> **Information provided**:
══════
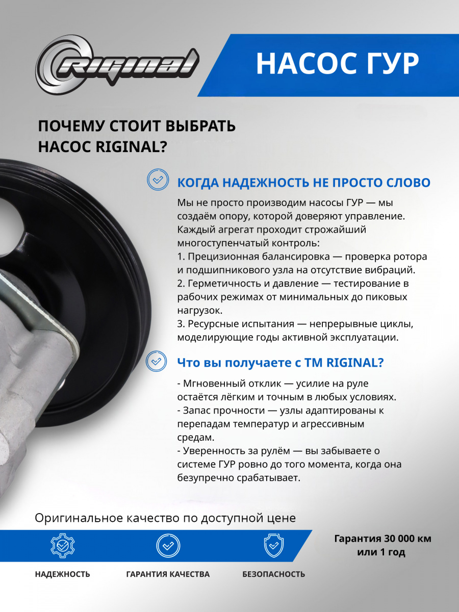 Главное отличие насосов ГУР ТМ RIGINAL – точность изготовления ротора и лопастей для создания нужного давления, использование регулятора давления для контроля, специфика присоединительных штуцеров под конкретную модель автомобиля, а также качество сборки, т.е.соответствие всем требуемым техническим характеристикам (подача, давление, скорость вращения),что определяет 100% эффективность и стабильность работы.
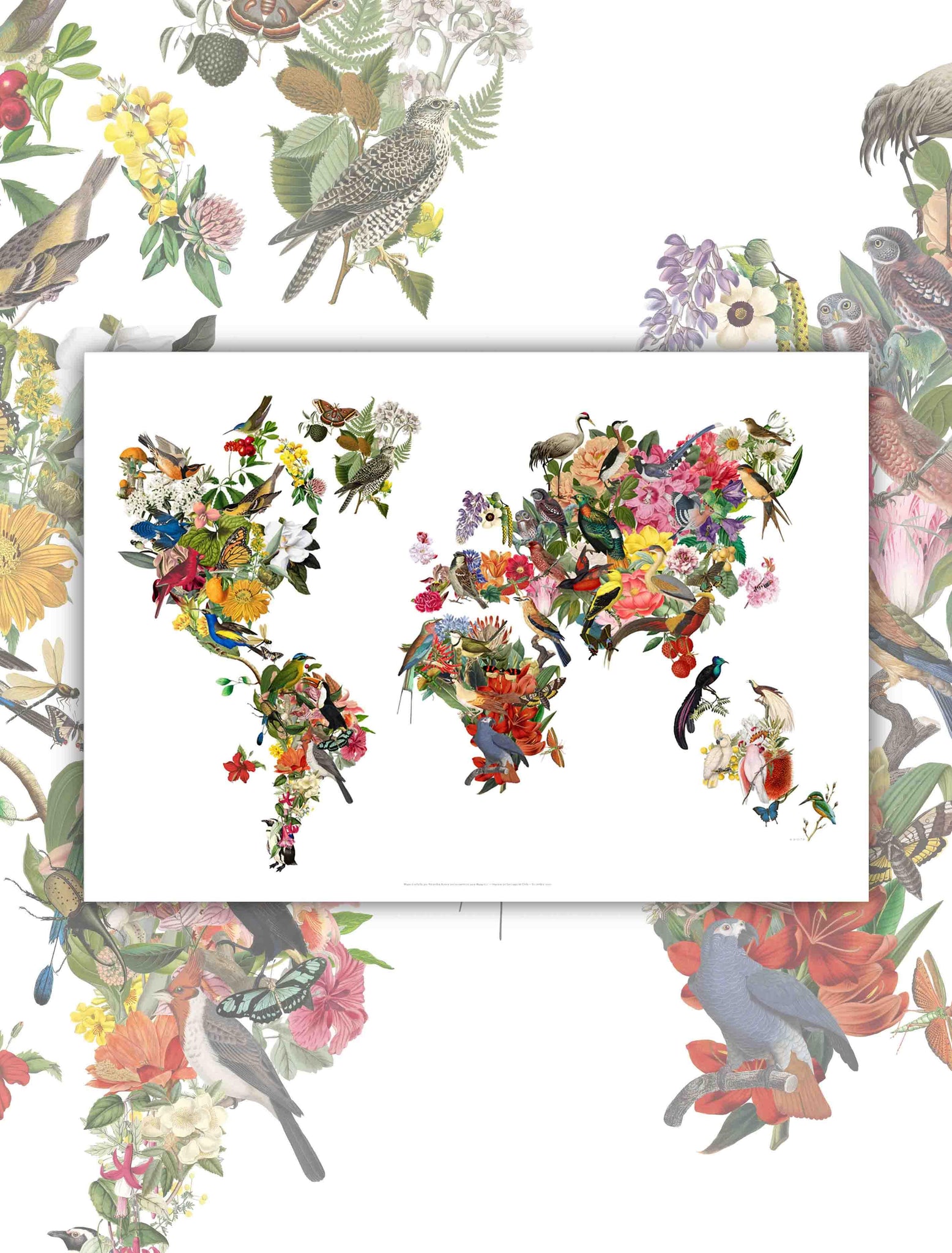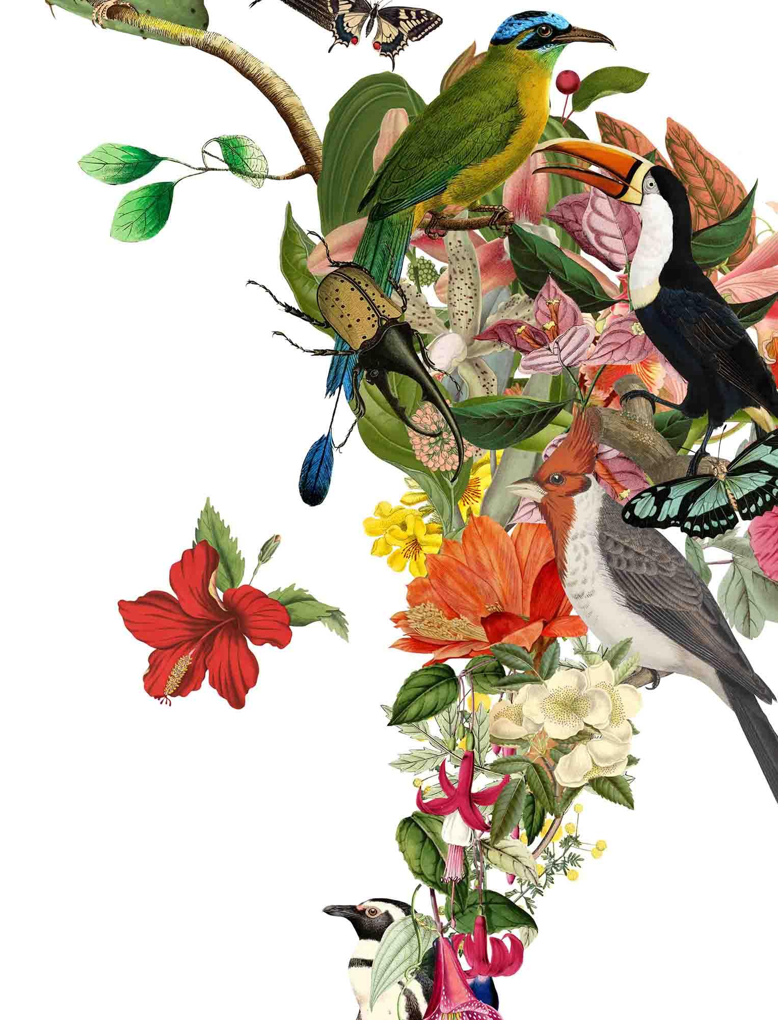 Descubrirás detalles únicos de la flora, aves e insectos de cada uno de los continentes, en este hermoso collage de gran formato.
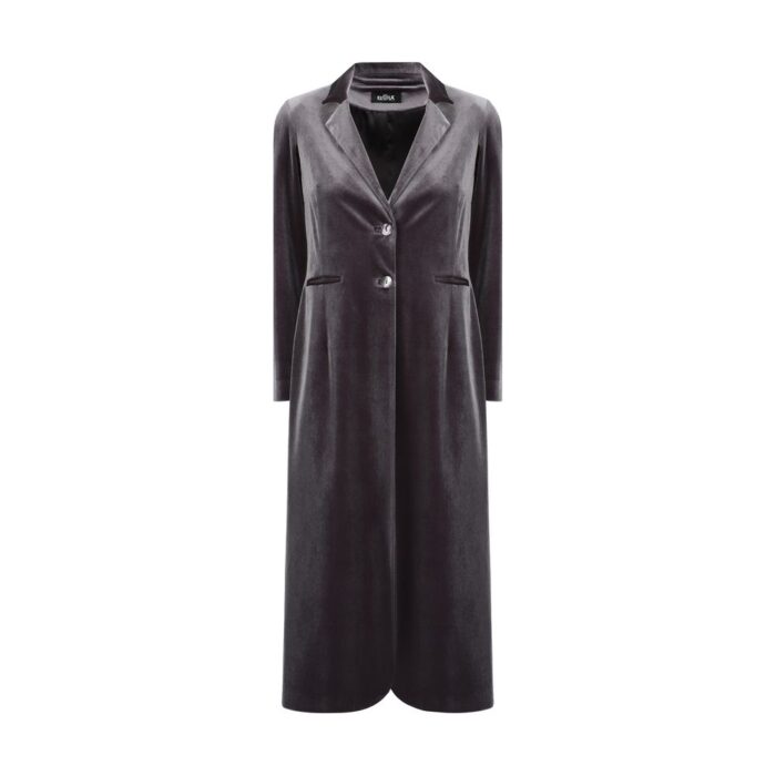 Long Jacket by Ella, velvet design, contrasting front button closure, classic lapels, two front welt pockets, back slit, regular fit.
══════
Across the whole listing, reproduce each line verbatim and exclude every picture.

> **Exercise solution**:
 Главное отличие насосов ГУР ТМ RIGINAL – точность изготовления ротора и лопастей для создания нужного давления, использование регулятора давления для контроля, специфика присоединительных штуцеров под конкретную модель автомобиля, а также качество сборки, т.е.соответствие всем требуемым техническим характеристикам (подача, давление, скорость вращения),что определяет 100% эффективность и стабильность работы.
 Descubrirás detalles únicos de la flora, aves e insectos de cada uno de los continentes, en este hermoso collage de gran formato.
 Long Jacket by Ella, velvet design, contrasting front button closure, classic lapels, two front welt pockets, back slit, regular fit.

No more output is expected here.